こんにちは、衆議院議員の青柳陽一郎です。

新型コロナウイルス感染症のまん延は未だ収束する気配が見られず、むしろ変異株の影響で感染拡大のスピードと規模が大きくなってしまっています。政府は緊急事態宣言やまん延防止等重点措置を発令し国民の皆さまに感染対策と人流抑制に取り組んでいますが、どうしても後手後手で短期的な効果が減少してしまっています。

政府も人流の抑制策とともに、ワクチン接種、検査、医療提供体制の拡充、治療薬・治療方法の確立に危機感をもって取り組みを進めるよう国会としての役割を果たしていきたいと思います。

コロナで見えた日本の医療体制の課題


そもそも日本は医療先進国だと信じていました。多くの国民の皆さんもそうでしょう。国民皆保険や医療機関へのフリーアクセス、平均寿命の高い健康長寿国だと自信を持っていました。

ところが、新型コロナウイルス感染症のまん延によって日本の医療の課題が浮き彫りになったのです。

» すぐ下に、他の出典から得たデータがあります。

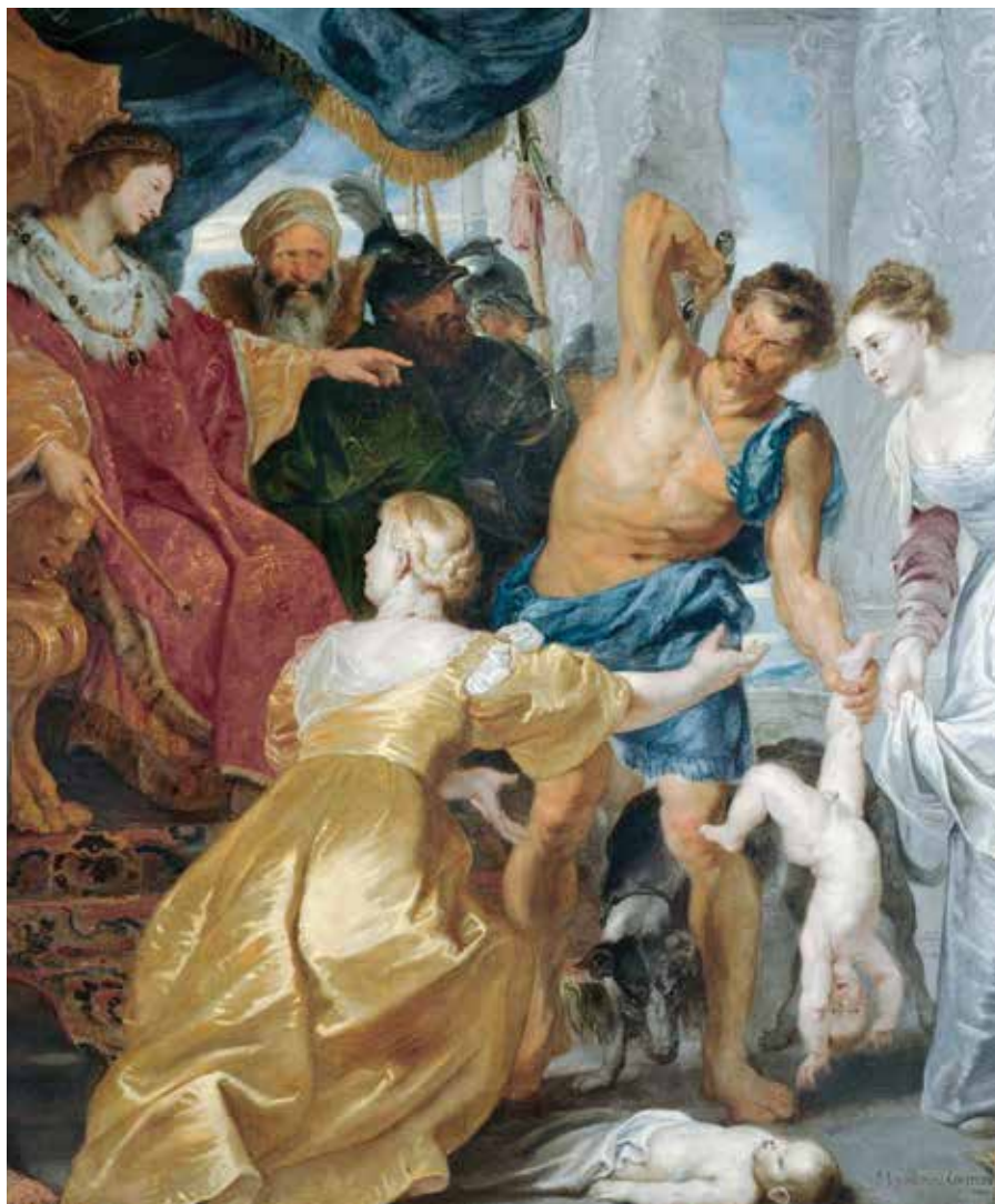
Peter Paul Rubens: Král Šalamoun (1617)

Šalamounovi se připisuje též Kniha Přísloví, Kniha Kazatel a Žalmy 72 a 127. Krom těchto knih hebrejské Bible se mu připisují i knihy Šalamounova Moudrost, Šalamounovy Žalmy a Šalamounovy Ódy, které nejsou součástí Bible.

例えば、過度な受診控え、発熱や咳などの症状が出ても、不安を気軽に相談できる医師がいないため、適切な検査・治療にたどり着くことができない事例が散見されています。また、コロナに感染して、自宅やホテルでの療養措置となった場合も適切な治療が受けられず、重症化して命を落とすケースもありました。これは医師が療養に関与する仕組みになっていないことが原因で、療養から医療への接続に大きな壁があるのです。

ワクチンの開発や確保が遅れたこと、検査が進まないこと、入院ベッドが増えないこと、治療薬が遅々として認められないことなど医療先進国日本は幻想だったと思わざるを得ない現状です。

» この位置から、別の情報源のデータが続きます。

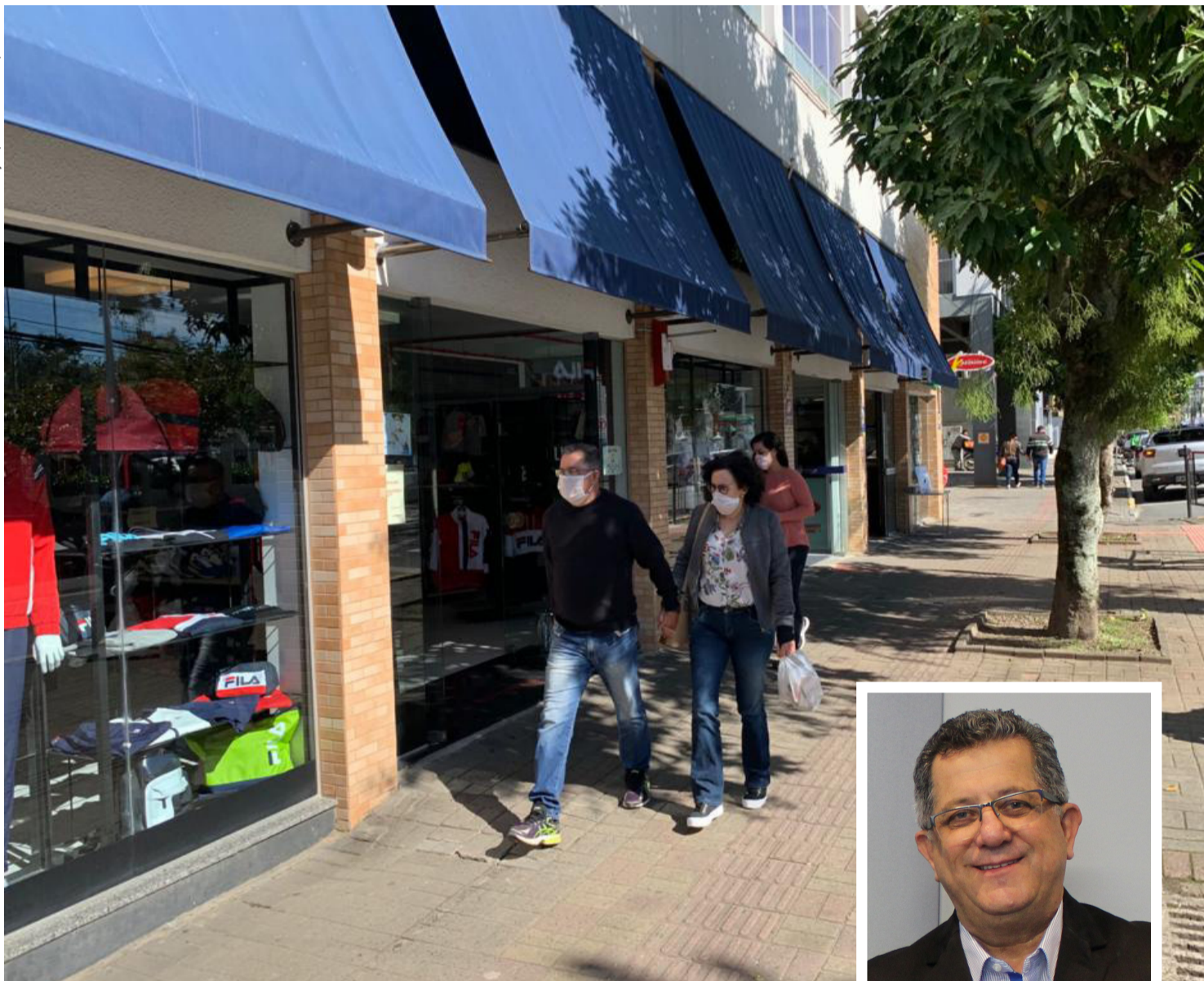
Com mais dinheiro no bolso dos servidores, lojistas esperam lucrar com as vendas de produtos

一方、コロナ以前から課題は指摘されていました。それは医療の進歩により、結核などの感染症による死亡は激減しましたが、いま、がん、心筋梗塞、脳梗塞、糖尿病などの生活習慣病が医療需要の多くを占め、我が国の疾病構造は大きく変化したのです。生活習慣病は日常生活を改善することで一定程度抑えられる疾病で、健康管理つまり予防を通じて防げる可能性があるものです。

しかし医師は、予防を医療としてみていないと言われます。ここでも予防から医療への接続に壁があるのです。さらに地域包括ケアにみられる医療と介護の壁もあります。

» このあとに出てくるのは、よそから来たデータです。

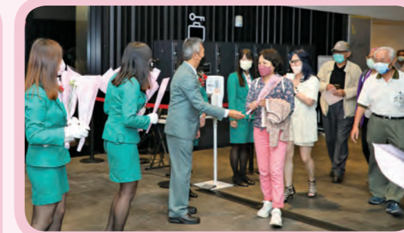
音樂會結束時，玉山人將代表祝福的康乃馨獻給貴賓。

このコロナ禍で見えた我が国の医療の弱点、それは予防と医療、医療と介護、療養と医療に壁があり、国民がなんでも相談できる頼れる医療制度になっていない、国民一人ひとりに寄り添ったきめ細やかな医療体制を再構築する必要があるということです。今こそ「国民本位の医療を再構築する」国民の手に医療を取り戻す「医療の民主化・メディカルニューディール」が必要と考えます。

そしてこの考えは、立憲民主党の政策「ZEROコロナ戦略」の本丸になる、自民党にはできない政策の対立軸になる概念だと確信し、今回「医療の民主化 日本版家庭医制度の創設」について投稿いたします。


「医療の民主化・メディカルニューディール」とは?


一人ひとりに寄り添った国民本位の医療制度を再構築する。

そのためには、地域におけるプライマリケア(地域住民の健康上の問題や疾病に対して初期段階で適切な診療を行い、継続的な医療を提供すること)の実現を図っていくことが必要です。そしてそれは、すべての国民が予防から医療まで相談できるかかりつけの医師を持つことができる「日本版家庭医制度」を創設することが一つの大きな解決策になると「私たち」は考えました。

「直諫の会」で立法化を検討 「医療の民主化」議員連盟設立。 

「私たち」とは、立憲民主党内に存在する中堅若手の政策研究グループ「直諫の会」です。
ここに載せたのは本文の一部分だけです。